The Yellow-Brick Road
To become Governor, Blackwell has three things supporting him and three obstacles to overcome:
The Good:
1) Name Recognition from the 2004 Election.
2) The voters' trust as shown in voter polls.
3) He's the anti-Taft
The Bad:
1) Financing for the primary and general elections
2) Mayor Michale Coleman as the Democratic opposition
3) New Voting Machines
Analysis of the Bad:
# 3 - Recently Blackwell demonstrated just how adroit he is as a politician: he negotiated a contract with an elections' vendor that provides a voter-verfied paper trail at a lower cost than previous mahines which lacked a printer. I was one of those who shouted long and hard that all of Ohio was trying to hinder him from fixing the machines, even with his Secretary's directive that each county must use the HAVA 2002 money to install less-modern optical scanners. My hypothesis was newer voting machines would cost way too much and Blackwell was the Lone Ranger trying to save Ohio. Suddenly he fixes the problem the way his critics wanted him to, and leaves people like me holding the bag with egg on my face.

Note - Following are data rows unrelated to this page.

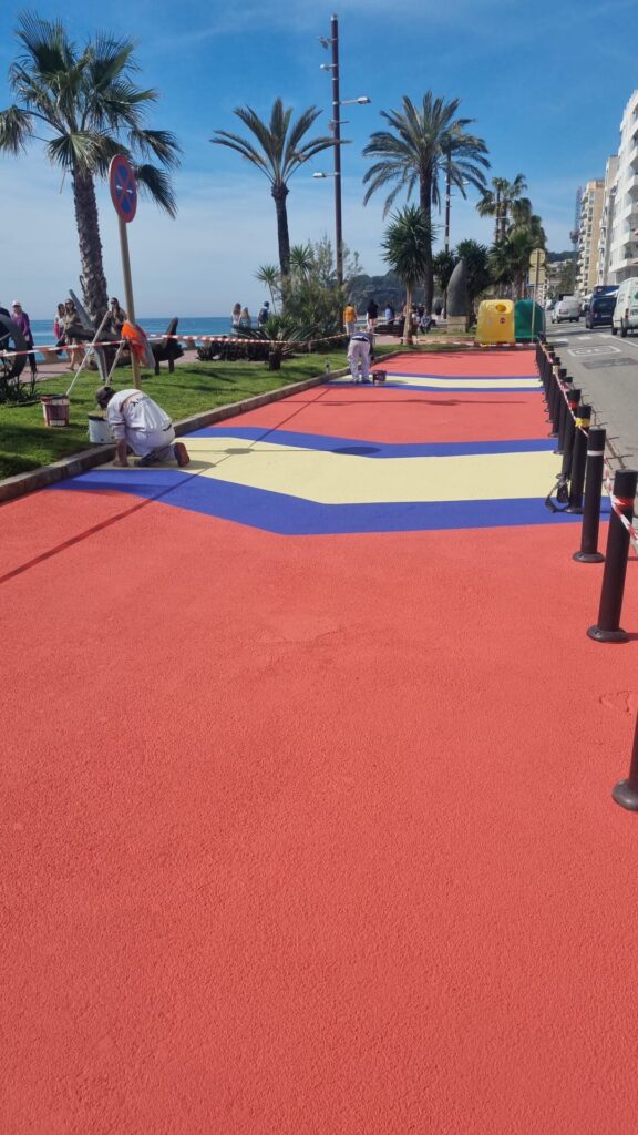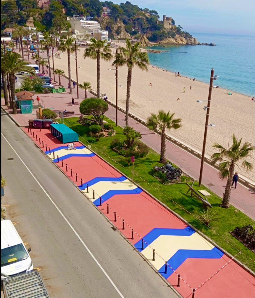 El Passeig Camprodon i Arrieta, a partir del número 20 en Lloret de Mar, ha estrenado este jueves 9 de abril una transformación visible que no ha pasado desapercibida. Un tramo de aproximadamente 50 metros, que hasta hace unos días era asfalto y zona azul con capacidad para unos 15 vehículos, ha sido pintado con colores llamativos dentro de una actuación que busca redefinir el espacio público.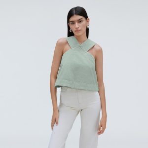 The Cross-Back Apron Top features wide cross-back straps. a medium weight canvas. and a cropped design with utilitarian details. Pair this top with your favorite shorts or denim for a fun and flirty summer look. Made of 100% organic cotton for all-day breathability and next level comfort.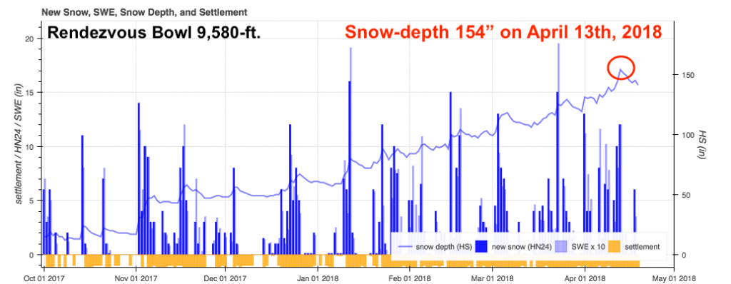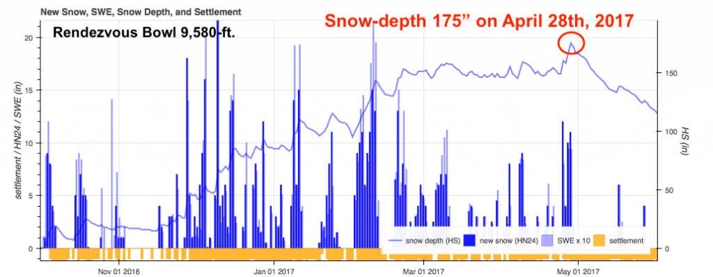Last year, the maximum snow-depth occurred on April 28th, 2017, with a record depth of 175 inches in Rendezvous Bowl. The deepest ever recorded at this location.

#2 - Mayor Coleman has done himself in by having his own1988 Dukakais-Bernard Shaw moment. Coleman gave the appearance of condoning the rape of Columbus High School student. He unfeelingly called it a problem for the law. More at www.ohioforblackwell.com/blog.
#1 - Secretary Blackwell has some work ahead of him as evidenced by a recent fudnraiser involving big name conservatives that managed to raise a mere $35,000. Jim Petro has millions. Blackwell needs to kick it in gear. 2005 is for fundraising and 2006 is the race.